The problem
With the pictures omitted, set down exactly the lines from the one that contains "出口閹牛價(jià)格下跌了5比索,質(zhì)量較好的牛例外" through the last line of the data.

Information shown below:

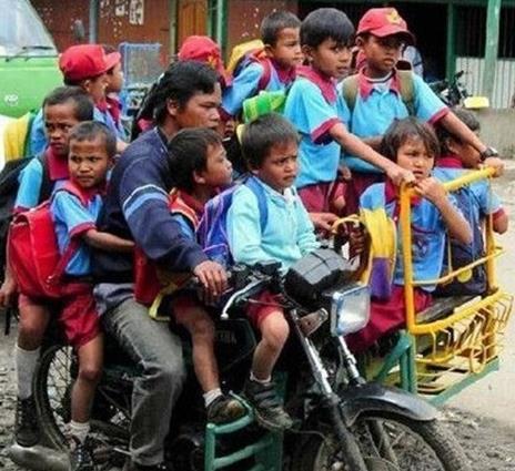 最牛的“超载”,也是最心酸的超载,12个孩子坐一辆摩托车。
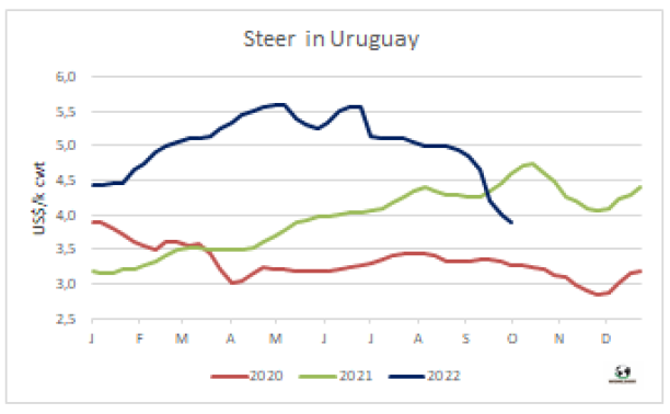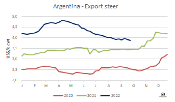 出口閹牛價(jià)格下跌了5比索,質(zhì)量較好的牛例外
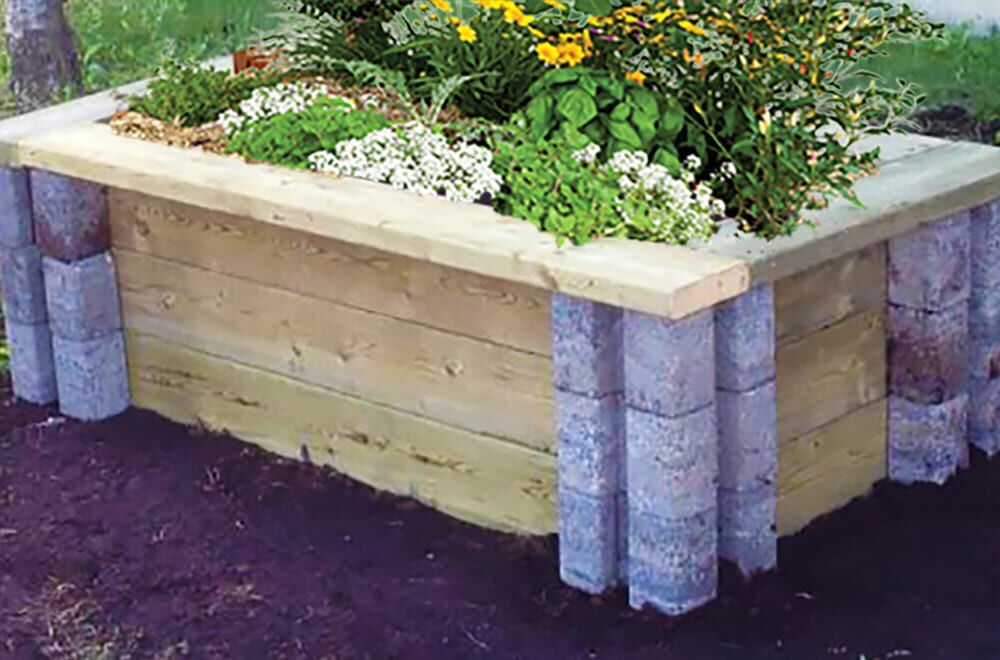 - Build in 3 easy steps: 1) Stack planter wall blocks for the framework (Use rebar or glue when going more than 1 block high; 2) Slide in 2” x 6”pieces of any kind of lumber; 3) Fill with soil and live goods
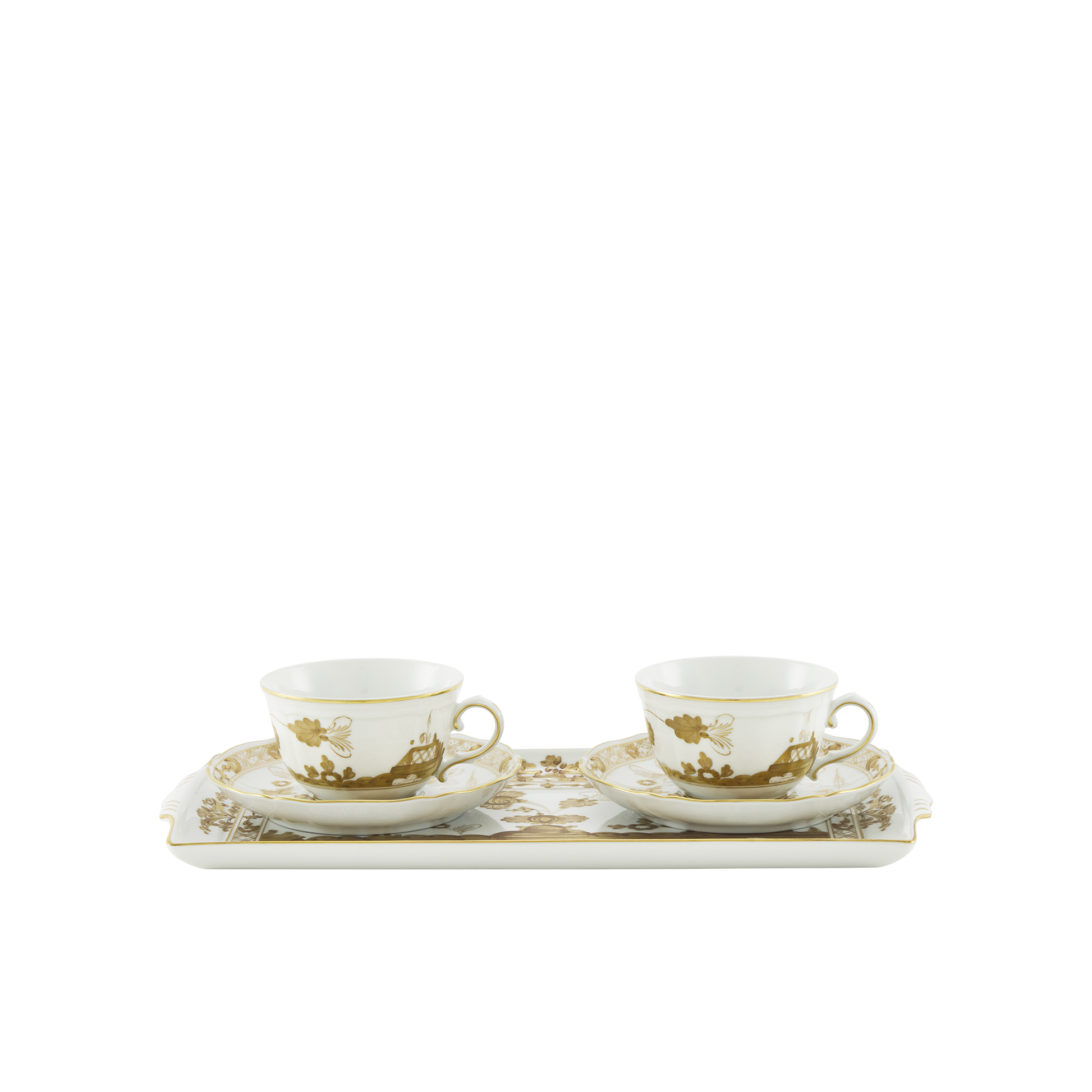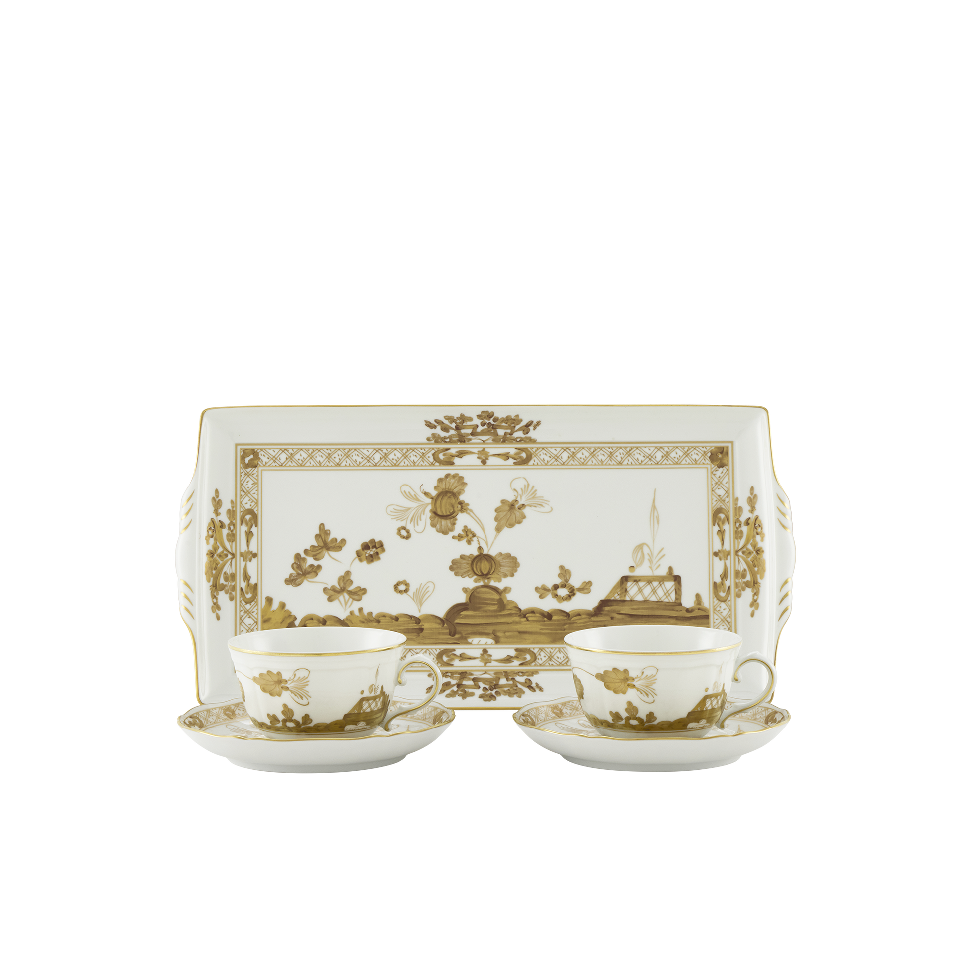 Ginori 1735 Oriente Italiano Aurum Tea Set of 2 with Tray | 5Piece

End of Information shown.

Answer
 出口閹牛價(jià)格下跌了5比索,質(zhì)量較好的牛例外
 - Build in 3 easy steps: 1) Stack planter wall blocks for the framework (Use rebar or glue when going more than 1 block high; 2) Slide in 2” x 6”pieces of any kind of lumber; 3) Fill with soil and live goods
 Ginori 1735 Oriente Italiano Aurum Tea Set of 2 with Tray | 5Piece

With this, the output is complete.